Dataset extract:
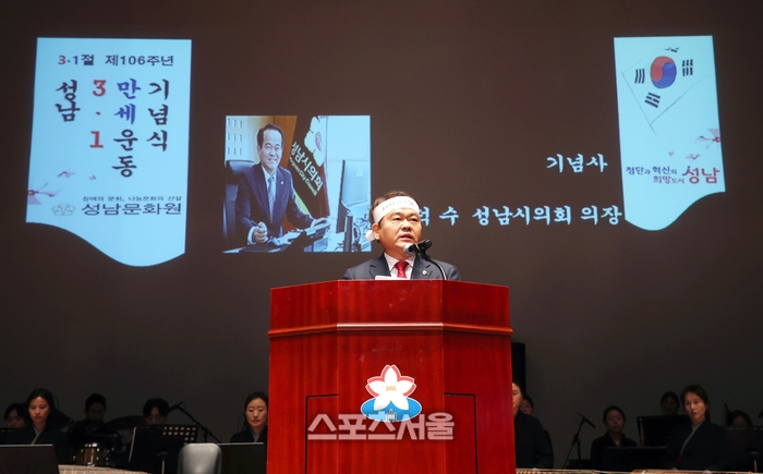 이 의장은 기념사를 통해“오늘날의 자유와 평화가 누군가의 희생이 있었기에 가능했다는 사실을 항상 기억하며, 그 뜻을 이어받아 더 나은 세상을 만들어 나가야 할 것”이라며 “성남시의회는 독립선언문에 새겨진 거룩한 뜻을 받들고, 시민의 밝을 미래를 열어가는 데 전력을 다할 것“이라고 말했다.
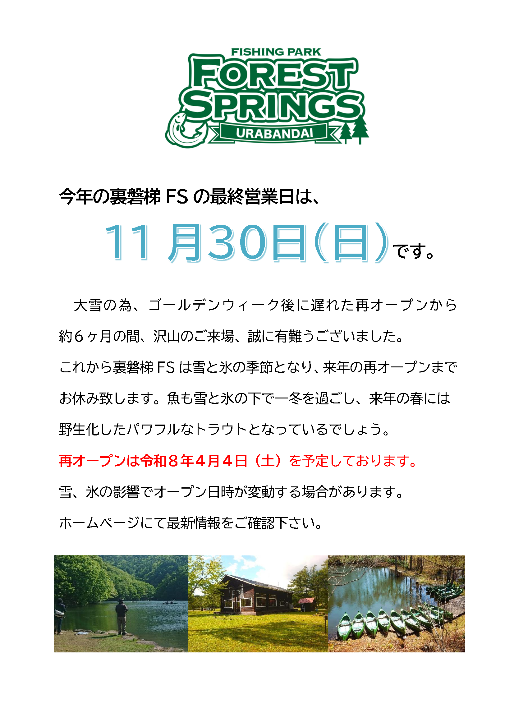 裏磐梯フォレストスプリングス もうすぐ 冬期クローズのご案内について
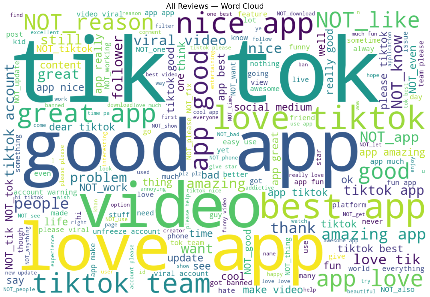 Sentiment analysis pipeline analyzing TikTok mobile app reviews to uncover user satisfaction trends.

Exercise brief: Reproduce every line of the material above, but drop the pictures.

Problem solution:
 이 의장은 기념사를 통해“오늘날의 자유와 평화가 누군가의 희생이 있었기에 가능했다는 사실을 항상 기억하며, 그 뜻을 이어받아 더 나은 세상을 만들어 나가야 할 것”이라며 “성남시의회는 독립선언문에 새겨진 거룩한 뜻을 받들고, 시민의 밝을 미래를 열어가는 데 전력을 다할 것“이라고 말했다.
 裏磐梯フォレストスプリングス もうすぐ 冬期クローズのご案内について
 Sentiment analysis pipeline analyzing TikTok mobile app reviews to uncover user satisfaction trends.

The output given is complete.